## Dataset extract
──────────

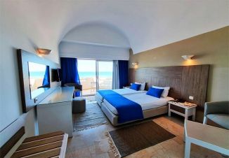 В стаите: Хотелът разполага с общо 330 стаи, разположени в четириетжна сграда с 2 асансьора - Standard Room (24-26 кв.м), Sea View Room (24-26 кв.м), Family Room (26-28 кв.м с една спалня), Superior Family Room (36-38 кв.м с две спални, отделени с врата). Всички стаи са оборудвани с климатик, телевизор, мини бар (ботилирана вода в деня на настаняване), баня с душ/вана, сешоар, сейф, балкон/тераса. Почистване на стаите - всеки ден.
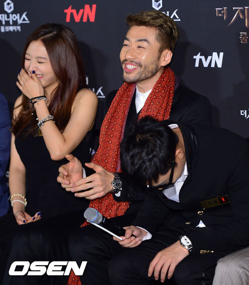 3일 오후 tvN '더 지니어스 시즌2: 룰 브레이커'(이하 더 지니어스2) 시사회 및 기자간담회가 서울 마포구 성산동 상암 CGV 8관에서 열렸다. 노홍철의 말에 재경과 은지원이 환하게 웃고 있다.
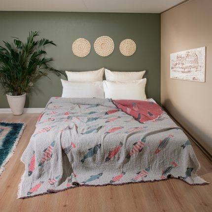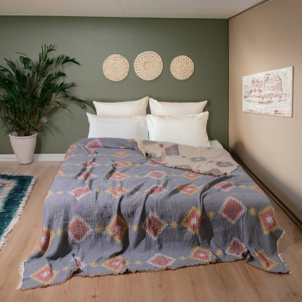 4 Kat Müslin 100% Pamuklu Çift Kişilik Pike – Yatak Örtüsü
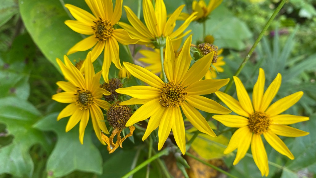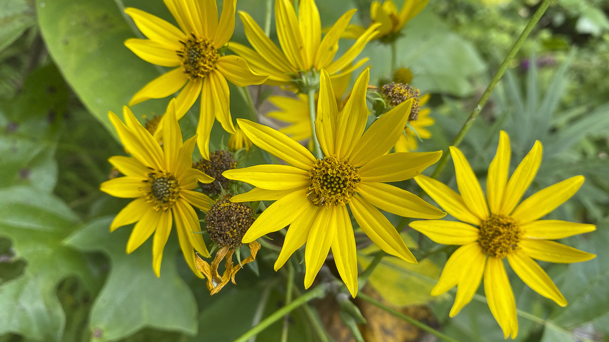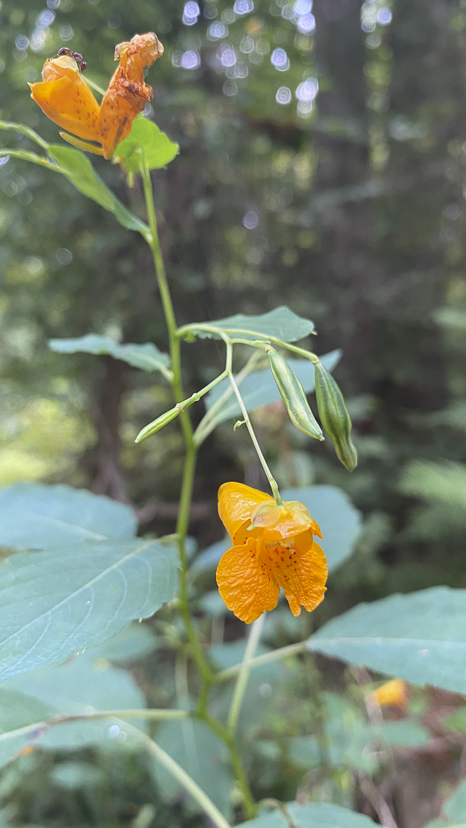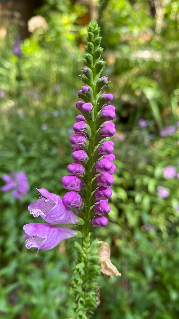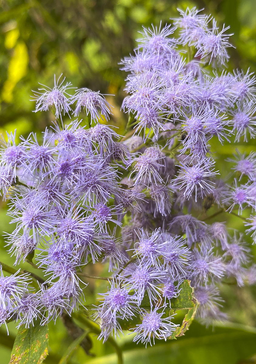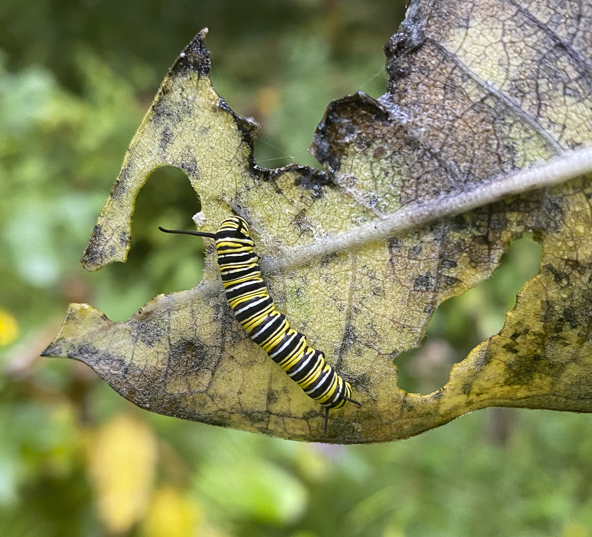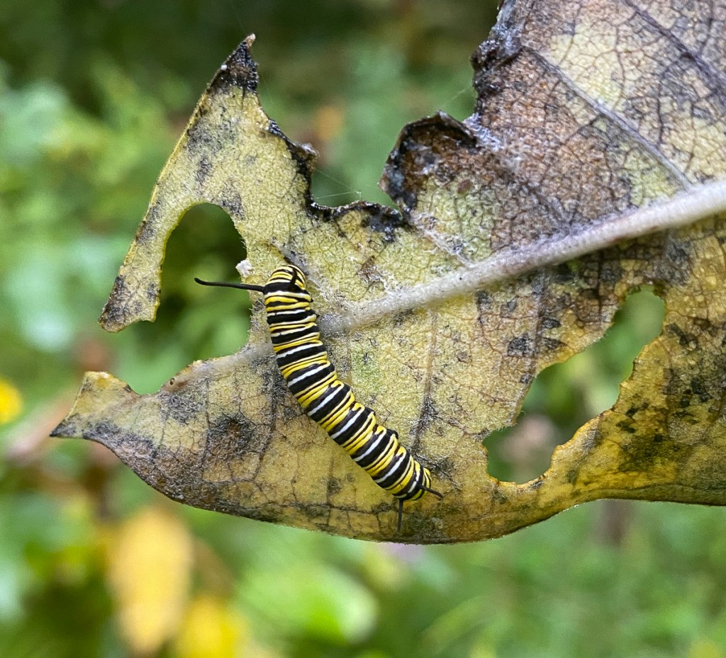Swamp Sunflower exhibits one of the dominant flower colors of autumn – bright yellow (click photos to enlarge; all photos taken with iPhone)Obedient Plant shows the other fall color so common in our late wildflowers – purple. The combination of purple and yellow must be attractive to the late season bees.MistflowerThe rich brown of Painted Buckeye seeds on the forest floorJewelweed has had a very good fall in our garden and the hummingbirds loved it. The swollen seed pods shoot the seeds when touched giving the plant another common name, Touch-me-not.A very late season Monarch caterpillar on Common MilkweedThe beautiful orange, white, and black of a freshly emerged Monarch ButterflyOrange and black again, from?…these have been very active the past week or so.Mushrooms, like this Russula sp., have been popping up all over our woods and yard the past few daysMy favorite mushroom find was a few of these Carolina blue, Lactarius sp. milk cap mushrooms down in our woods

──────────

## Your task
Write the listing out in full, exactly; no images.

## Solution for this problem
 В стаите: Хотелът разполага с общо 330 стаи, разположени в четириетжна сграда с 2 асансьора - Standard Room (24-26 кв.м), Sea View Room (24-26 кв.м), Family Room (26-28 кв.м с една спалня), Superior Family Room (36-38 кв.м с две спални, отделени с врата). Всички стаи са оборудвани с климатик, телевизор, мини бар (ботилирана вода в деня на настаняване), баня с душ/вана, сешоар, сейф, балкон/тераса. Почистване на стаите - всеки ден.
 3일 오후 tvN '더 지니어스 시즌2: 룰 브레이커'(이하 더 지니어스2) 시사회 및 기자간담회가 서울 마포구 성산동 상암 CGV 8관에서 열렸다. 노홍철의 말에 재경과 은지원이 환하게 웃고 있다.
 4 Kat Müslin 100% Pamuklu Çift Kişilik Pike – Yatak Örtüsü
Swamp Sunflower exhibits one of the dominant flower colors of autumn – bright yellow (click photos to enlarge; all photos taken with iPhone)Obedient Plant shows the other fall color so common in our late wildflowers – purple. The combination of purple and yellow must be attractive to the late season bees.MistflowerThe rich brown of Painted Buckeye seeds on the forest floorJewelweed has had a very good fall in our garden and the hummingbirds loved it. The swollen seed pods shoot the seeds when touched giving the plant another common name, Touch-me-not.A very late season Monarch caterpillar on Common MilkweedThe beautiful orange, white, and black of a freshly emerged Monarch ButterflyOrange and black again, from?…these have been very active the past week or so.Mushrooms, like this Russula sp., have been popping up all over our woods and yard the past few daysMy favorite mushroom find was a few of these Carolina blue, Lactarius sp. milk cap mushrooms down in our woods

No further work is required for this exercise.